5. Plaintiff must ensure that each legal claim is set forth in a separate count. For example, if he alleges claims for wrongful termination, retaliation, and hostile work environment, each of those claims require a separate count.

6. Plaintiff must include, for each count, a "short and plain statement of the claim showing that the pleader is entitled to relief." FED. R. Civ. P. 8(a)(2).

7. Plaintiff must ensure that each legal claim specifies which defendant is responsible for which specific act or omission.

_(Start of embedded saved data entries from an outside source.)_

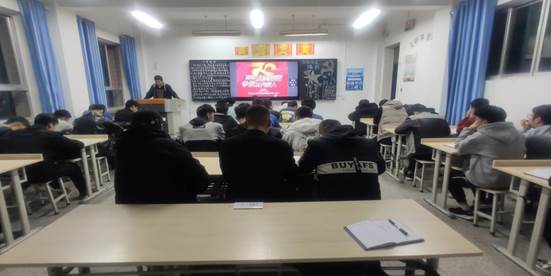 各班团支书首先通过播放视频、PPT的形式进行讲解,并展开讨论。同学们了解到2020年10月19日是中国人民志愿军抗美援朝出国作战70周年纪念日,70年前的今天中国人民志愿军肩负民族的期望,高举保卫和平、反抗侵略的正义旗帜,雄赳赳、气昂昂,跨过鸭绿江,同朝鲜人民一道共同抗击侵略者。通过学习,同学们了解了抗美援朝历史,学习人民志愿军英雄事迹和抗美援朝精神,提高了国防意识,增强了爱国情怀。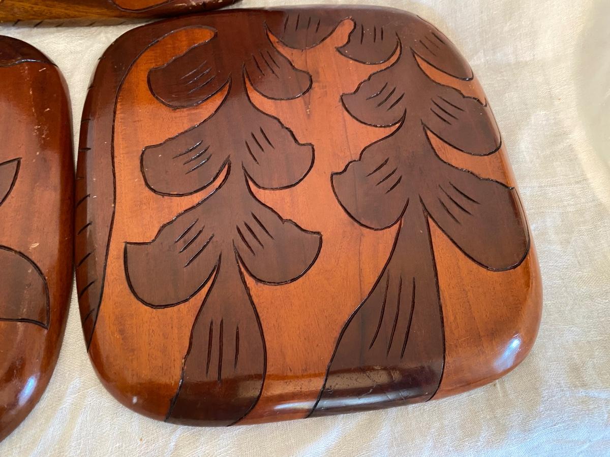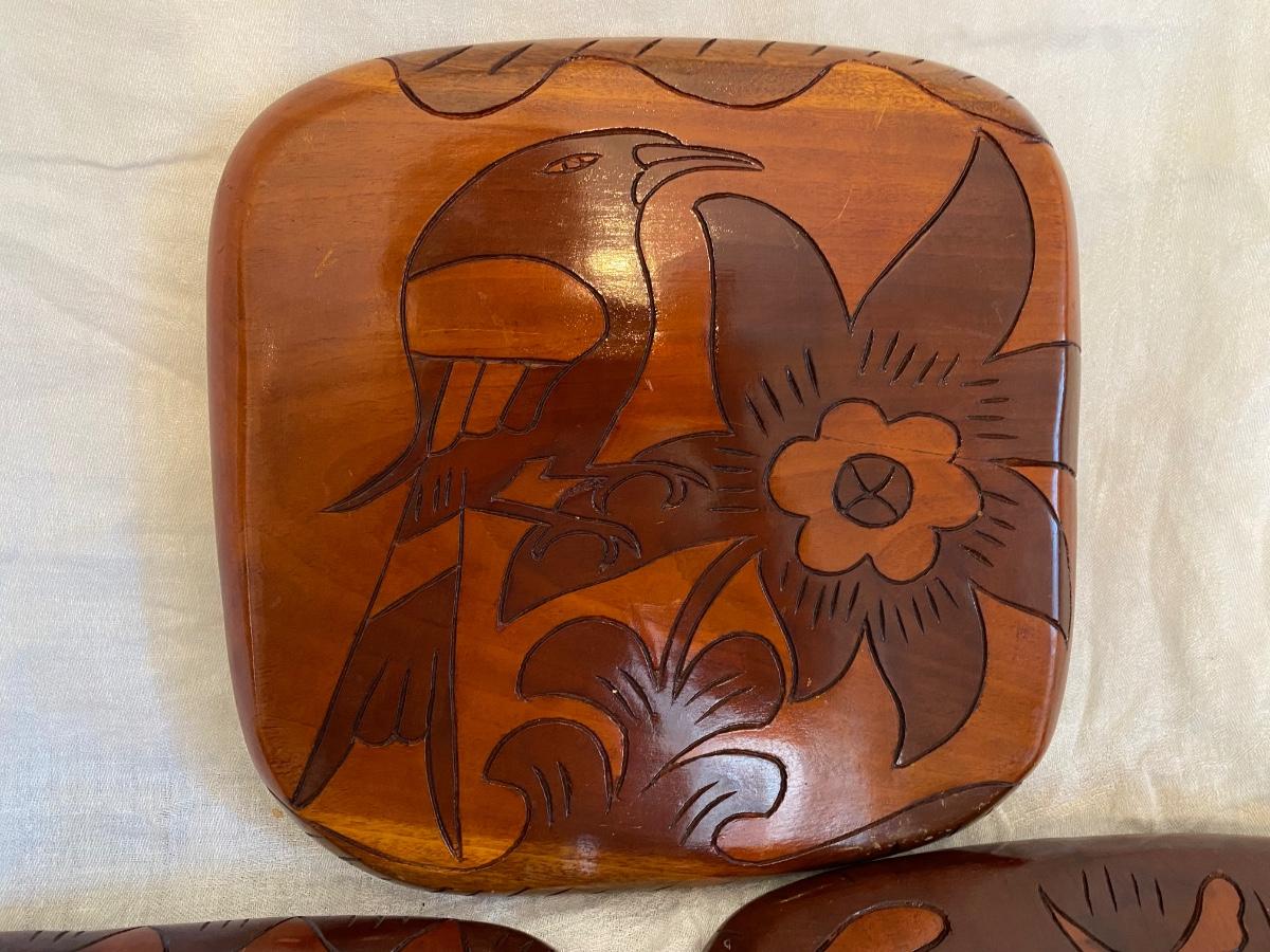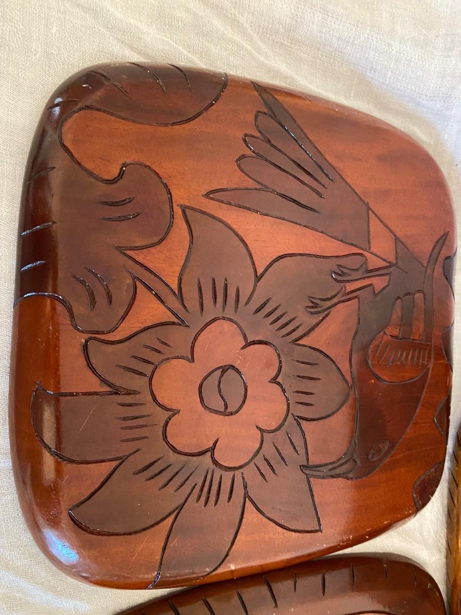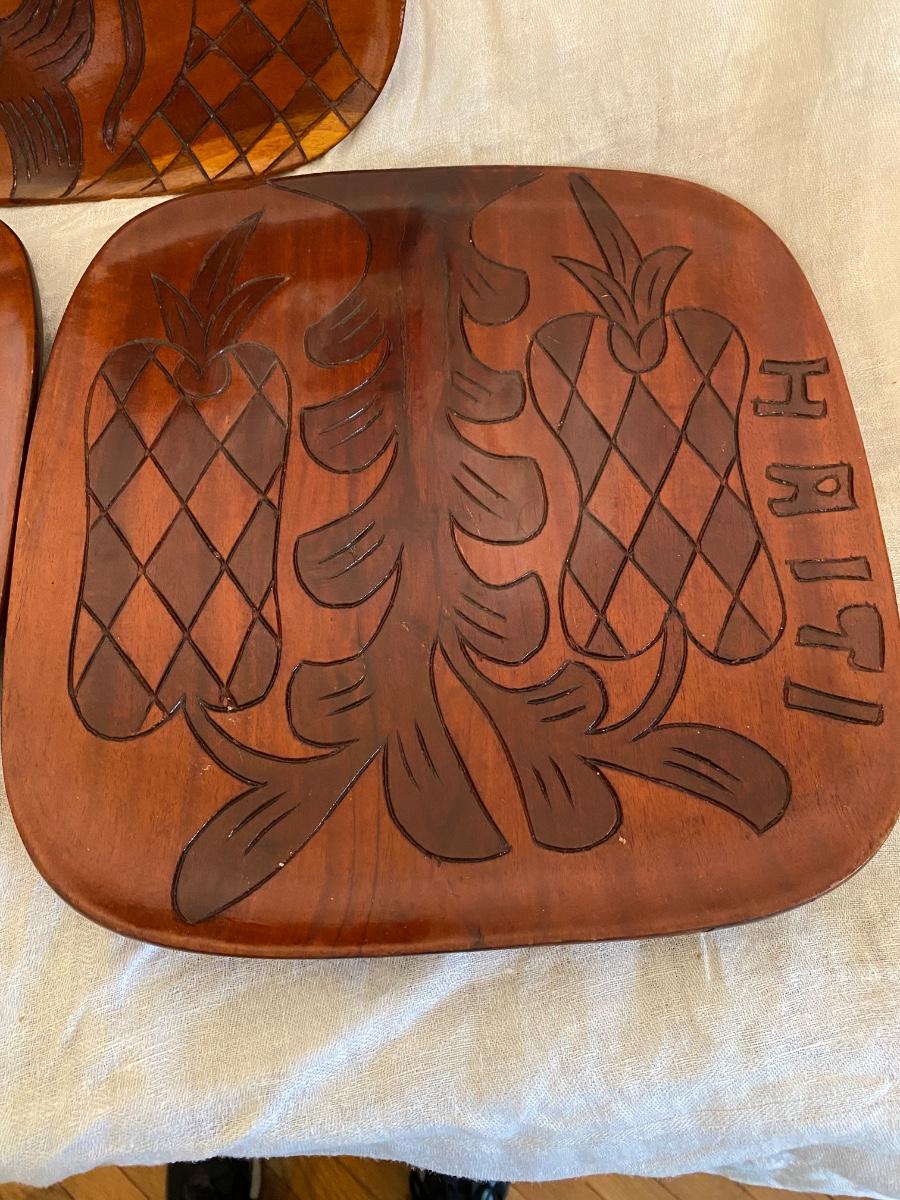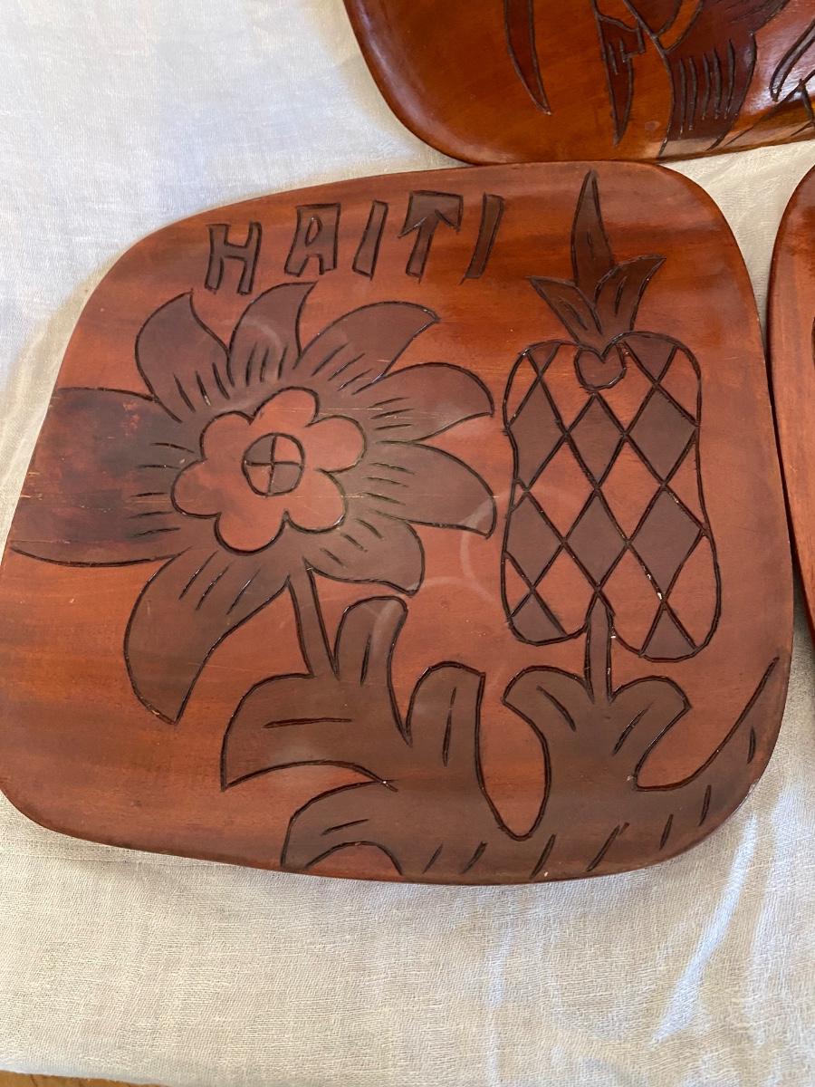 Vintage Haitian Folk Art Hand Carved Trays Wall Decor, handmade and originates from Haiti. CAnbe used for display or used as tray. Double sided images. Solide wood. Measures approx 11"x12", 1" thick. Set of 3. WAter marks on one tray, very faint.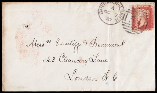 SG141 1877 Entire from Truninger & Co, London – stamps perfined T&Co – going to Paris.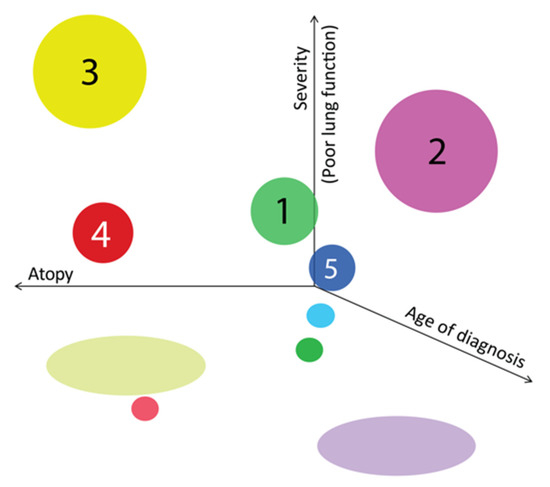 When we gathered all three aspects of atopy level, lung function and severity, we found that children with the most affected lung function were in those two clusters with poor control, but the ones with earlier diagnosis have more atopic features compared to the ones with later diagnosis (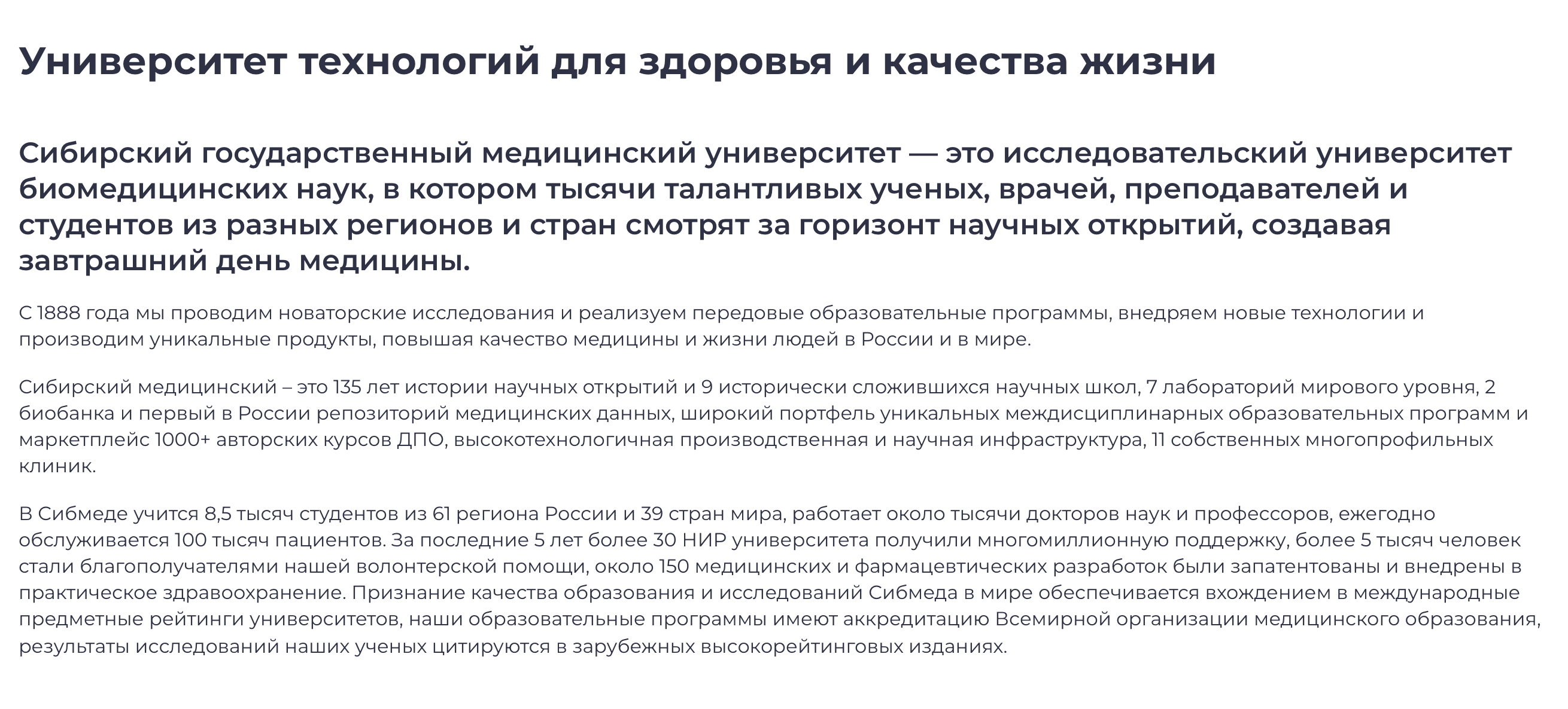 Руководствуясь подходами к разработке платформ бренда ведущих зарубежных университетов, мы сделали отдельный раздел с месседжами по направлениям деятельности, то есть сформулировали обещание бренда, миссию, позиционирующее определение и преимущества (причины выбрать) отдельно для абитуриентов и студентов, ученых, партнеров и зарубежного академического сообщества. Мы ответили на вопросы: «Как через образовательную, научную, экспертную и международную деятельность университет реализует свою ключевую идею?». Мы также выделили ключевые научные направления, области экспертизы и экспортной специализации на стыке сильных сторон университета, слабых сторон конкурентов и вызовов национальной и мировой повестки – фокус на их позиционировании позволит сыграть на эффекте «ореола положительного».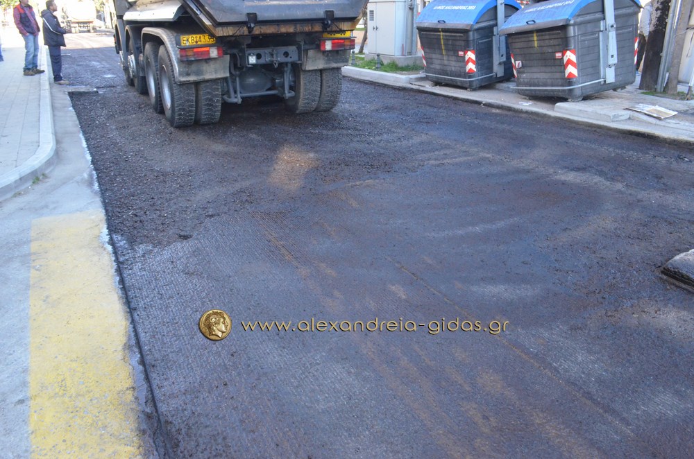 Σε σοβαρή διόρθωση της ασφάλτου σε κομμάτι της Βετσοπούλου προχώρησε ο δήμος Αλεξάνδρειας το πρωί της Τρίτης 2 Φεβρουαρίου.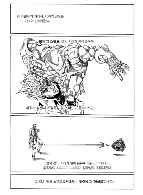 7부의 스탠드 설명 코너에서 스탠드의 파워는 거리에 반비례한다는 이야기를 한 후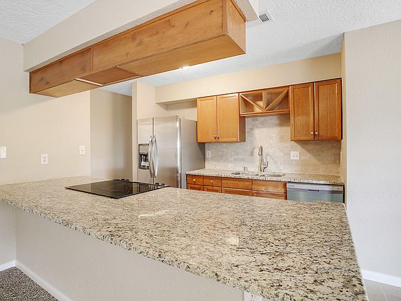 This corner lot house features stainless steel appliances, new carpet, tile, granite counter tops and a covered patio.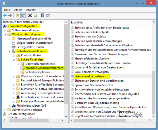 Voraussetzung ist allerdings, dass die Gruppenrichtlinien überhaupt ein lokales Anmelden erlauben: Computerkonfiguration > Windows-Einstellungen > Sicherheitseinstellungen > Lokale Richtlinien > Zuweisen von Benutzerrechten > „Lokal anmelden zulassen„.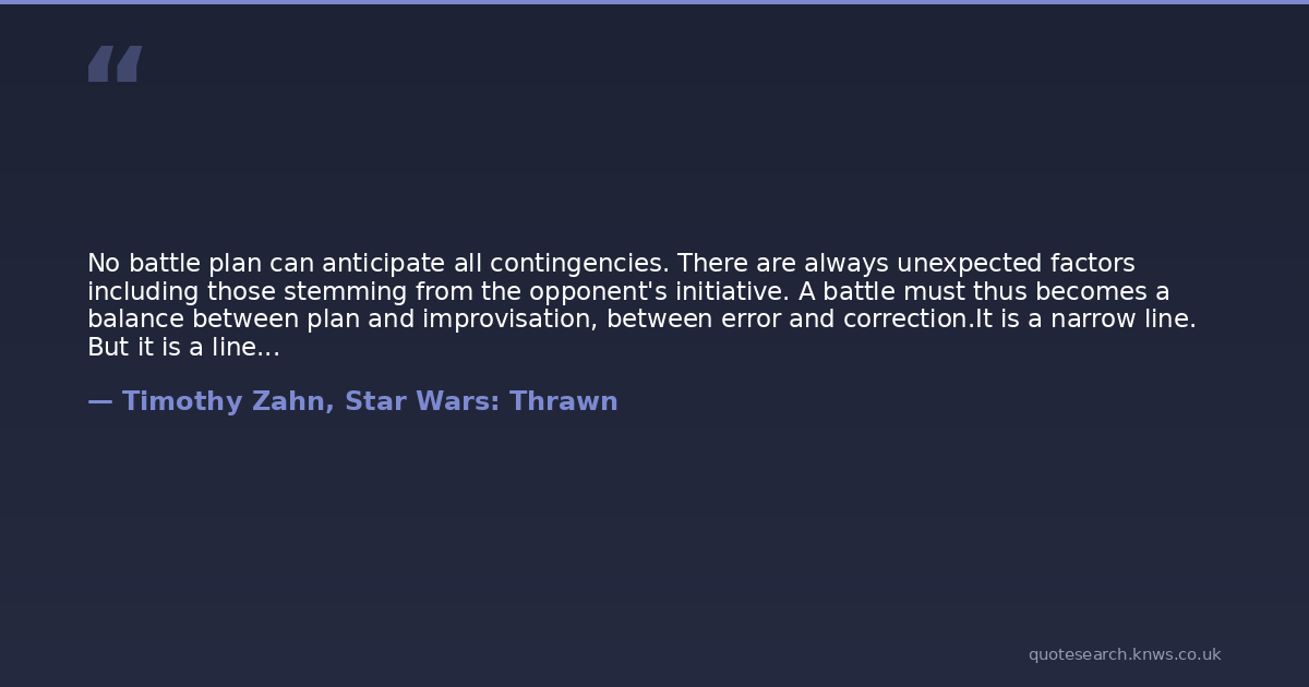 No battle plan can anticipate all contingencies. There are always unexpected factors including those stemming from the opponent's initiative. A battle must thus becomes a balance between plan and improvisation, between error and correction.It is a narrow line. But it is a line one's opponent must also walk. For all the balance of experience and cleverness, it is often the warrior who acts quickest who will prevail.

8. Plaintiff shall state with specificity both the factual and legal basis for the claim he sets forth. If a claim is one where Federal Rule of Civil Procedure 9 is applicable, that claim must be pled with particularity. Other numbered paragraphs may be incorporated by reference, but this must be done with particularity so that only relevant paragraphs are referenced. It is impermissible to attempt a wholesale incorporation by reference of all preceding paragraphs.

9. Failure to file an amended complaint in compliance with this order may result in the Court closing the case.

DONE AND ORDERED.

FootNotes


1. Plaintiff does not provide the Court with the relevant records or case number of the New York-based lawsuit, and provides little detail regarding the underlying causes of action in that case.
2. Plaintiff alleges, for the first time in his response to the Court's show cause order, claims for violation of the first amendment, RICO, blackmail and/or extortion, breach of contract, defamation, and a myriad of other causes of action.
3. Though Plaintiff only provides minimal detail regarding the claims in the New York case, it is readily apparent that none of those claims arise out of or relate to the parties' contacts in Florida.
4. Although there is some debate regarding whether the first-to-file rule applies to concurrent state and federal actions, as opposed to two federal actions, see Sini v. Citibank, N.A., 990 F.Supp.2d 1370, 1375 (S.D. Fla. 2014), as that same case recognized, there is at least one opinion from the Eleventh Circuit holding it does. See Merrill Lynch, Pierce, Fenner & Smith, Inc. v. Haydu, 675 F.2d 1169, 1174 (11th Cir. 1982).